Blog version of provoke_ZFS_corruption

Directory of tests starting with preliminary exploration.

started completed results ZFS ver OS kernel ver notes
2025-02-03 2025-02-04 corruption zfs-2.1.11-1+deb12u1 Debian 12 6.1.0-30-amd64 methodology exploration
2025-02-05 2025-02-05 corruption in 15 minutes zfs-2.1.11-1+deb12u1 Debian 12 6.1.0-30-amd64 methodology exploration
2025-02-07 2025-02-07 corruption in 10 hours zfs-2.3.99-170-FreeBSD_g34205715e 15.0-CURRENT FreeBSD main-n275087-cdacb12065e4 FreeBSD on Pi 4B
2025-02-11 2025-02-11 corruption in 2 hours zfs-2.1.11-1+deb12u1 Debian 12 6.1.0-30-amd64 repeat methodology exploration, test FreeBSD tweaks
2025-02-12 2025-02-12 corruption instantly [1] zfs-2.0.3-9~bpo10+1 Debian 10 5.10.0-0.deb10.24-amd64 repeat previous tests using new methodology
  • [1] Test ran for hours w/ wrong ownership and the stir process changed nothing. When file ownership was fixed, corruption was nearly instant.

2025-02-04 process improvements

These have worked, producing corruption in less than a day. This should shorten testing time and also proves that the H/W in use will produce corruption using current Debian kernel and ZFS. More details In addition, the scripts have been tweaked to work on FreeBSD (with bash) and corruption was produced on a FreeBSD host.

2025-02-11 Test instructions

Configure a host and two pools send and recv.

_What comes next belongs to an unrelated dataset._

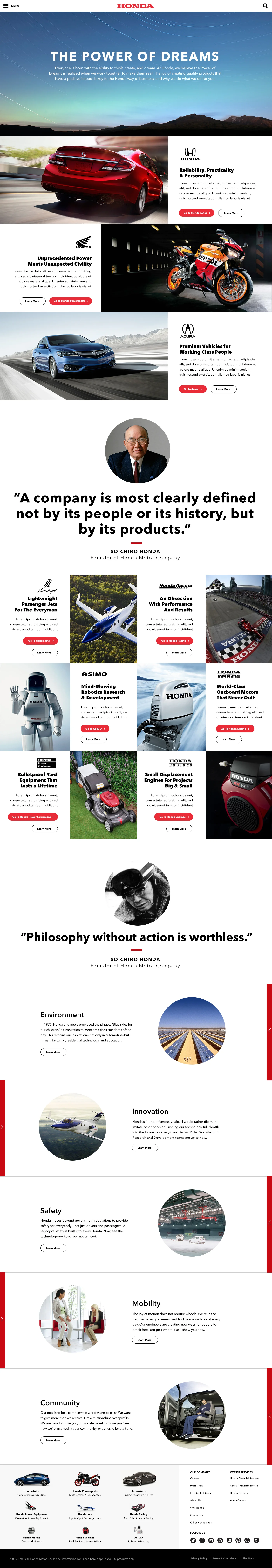 There was an idea floating around that Honda.com could actually replace Corporate.Honda.com as a source of information about the company as whole as opposed to primarily an exit grid. This exploration sought to answer that ask. The top portion remained largely the same, but everything else was overhauled. Bigger imagery, more information at the top level and more diggable content for each division section was the first step. Then we replaced the content hub with a more robust section that more thoroughly explains Honda's key corporate pillars.
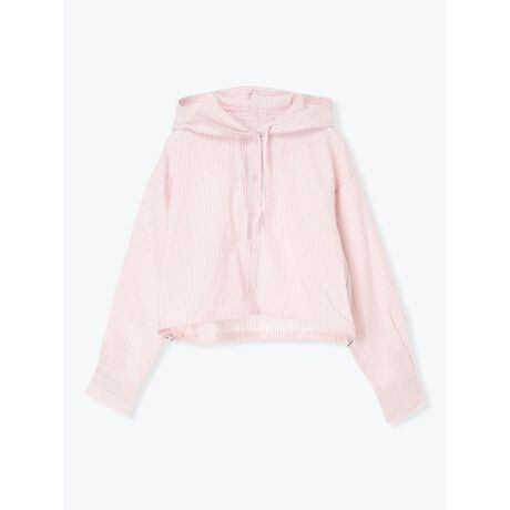 [型番:26560778574]爽やかなストライプ柄が目を惹く、フード付きのドロストシャツ。裾のドローストリングでシルエットを調整でき、コンパクトにもラフにもアレンジが楽しめます。デニムを穿いて大人カジュアルに、ワイドパンツやスカートと合わせてきれいめミックスもおすすめです。軽やかな素材感で季節の変わり目に取り入れやすい、着回し力の高い万能アイテムです。

Review the scripts that will be used as my user name hbarta has been hard coded in too many places. (PRs to corract that gratefully accepted.)

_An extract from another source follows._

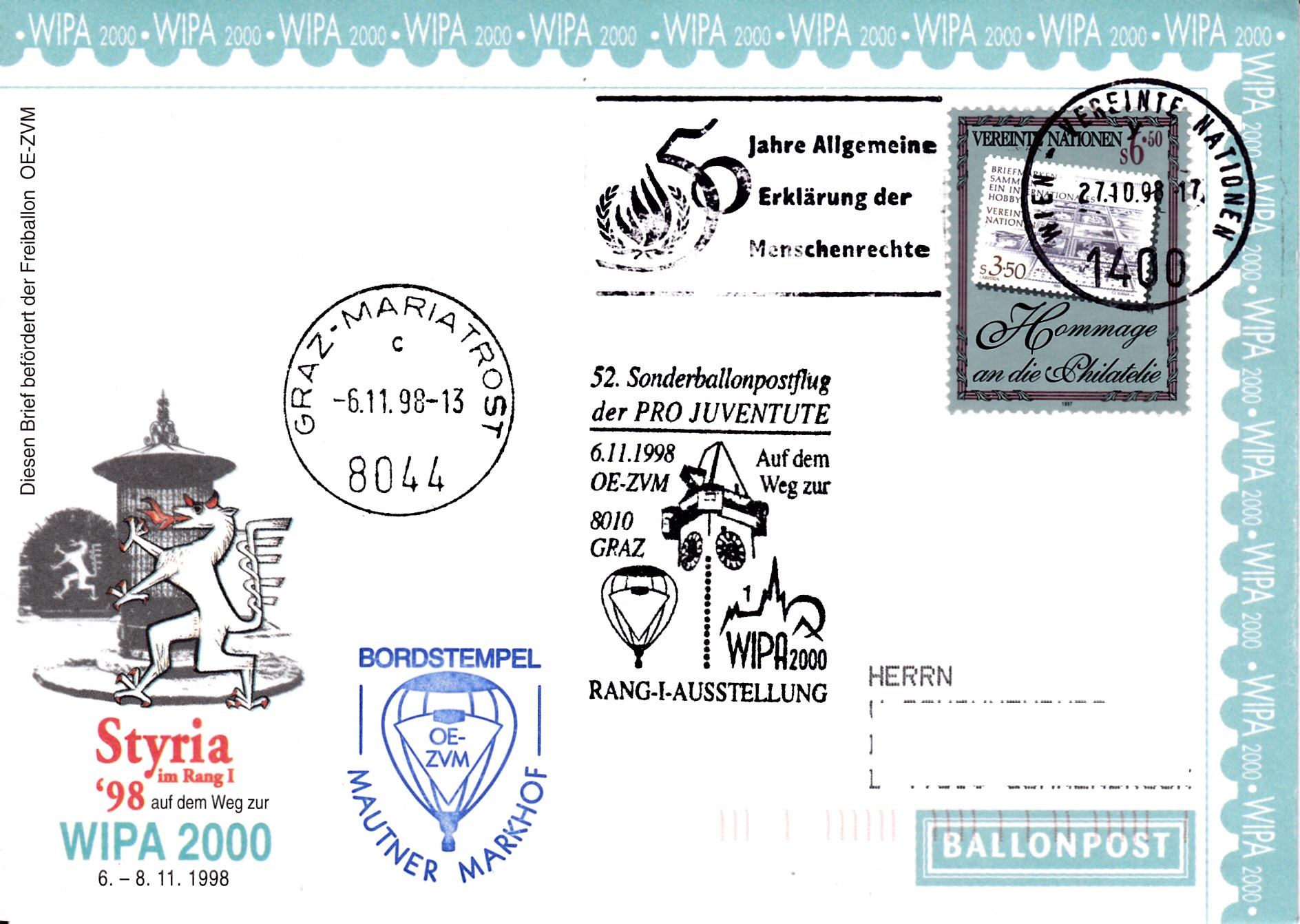 Dieser Brief wurde am 27.10.1998 bei der UN-Postverwaltung Wien für den 52. Sonder-Ballonpostflug der Österreichischen Pro Juventute mit dem Freiballon OE-ZVM aufgegeben und mit einem Maschinenstempel Wien-Vereinte Nationen gestempelt. Am 6.11.1998 wurde er mit dem Freiballon OE-ZVM befördert. Der Brief erhielt an diesem Tag den Sonderstempel aus Graz mit der Kennziffer "1" zu diesem 52. Sonder-Ballonpostflug, einen Tagesstempel aus Graz-Mariatrost und einen Bordstempel.

  1. Run the populate_pool.sh script as root to populate the send pool. It does not terminate when there is sufficient data and will need to be killed when the send pool reaches about 50% capacity. The easiest way to kill it is to find the PID of the script and kill <PID> as root.
  2. Run syncoid as root manually once to mirror send to recv. Set permissions or ownership on the resulting files in send to allow user modification.
  3. Execute zfs allow as root to provide appropriate permissions so that syncoid can run as your user.
  4. Create a directory ~/logs where the scripts will write logs.
  5. Start the following three scripts. (I hard link them to the user ~/bin directory for convenience but it is left to the user to make them available in the PATH.)

  6. thrash_stir.sh - This script will modify random files in the pool continuously and also capture recursive snapshots.

  7. thrash_syncoid.sh - This script will invoke syncoid continuously.
  8. manage_snaps.sh - This script will manage snapshots every minute to limit retained snapshots to 100 for each dataset.

All three scripts will check for and exit when corruption is detected. In addition I add a cron job as root to zpool scrub both pools several times/day.

For details on the exact commands used to prepare the test, please see the methodology exploration.